Дьюар промолчал, опустил глаза.
— Ну же! — Труавиль подался вперёд. — Если вы так считаете, скажите же это. Я вас слушаю. Я жесток?
— Кое в чём да.
— В чём же? — Юноша слегка улыбнулся. — Обвинил вас в том, что вы потеряли веру? Простите меня, если я был прямолинеен. Иногда люди путают искренность с жестокостью, но поверьте мне: я всего лишь хочу вам помочь.
— Всего лишь утешить, — мрачно возразил больной. — Даже врачи не смогли мне помочь. А вы не врач, Селестен.
— Не врач. Но, может, смогу сделать то, что им не удалось. — Труавиль опустился на колени возле кровати.
— Что вы делаете? — изумился Дьюар.
Селестен сложил руки, словно хотел помолиться:
— Вы помните Псалом 24? «Боже мой!
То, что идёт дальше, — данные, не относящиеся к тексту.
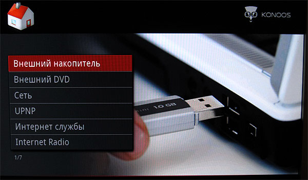Как видите, интерфейс тут простенький, но стильный. Плеер понимает различные внешние накопители, подключенные по USB (жесткие диски, флешки), также отдельным пунктом меню работает с внешним DVD, который может превратить MS-130 в обычный DVD-плеер.
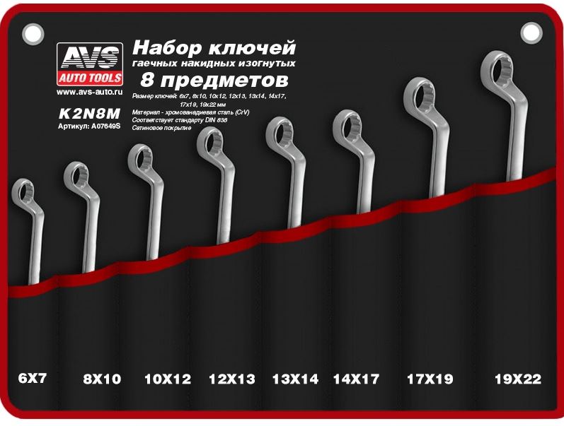 Главная / Инструмент / Наборы ключей / Набор ключей накидных 8 пр. 6-22 мм изогнутых в сумке AVS K2N8M

На Тебя уповаю, да не постыжусь вовек…» Верьте, Ален, верьте! Ничего не свершится без воли Его, поскольку мир Ему принадлежит. Вы только не думайте, я вам проповедь читать не собираюсь. Но если бы только вы мне поверили! Впрочем, если вам угодно доказательств… вы убедитесь, что я прав. Прямо сейчас.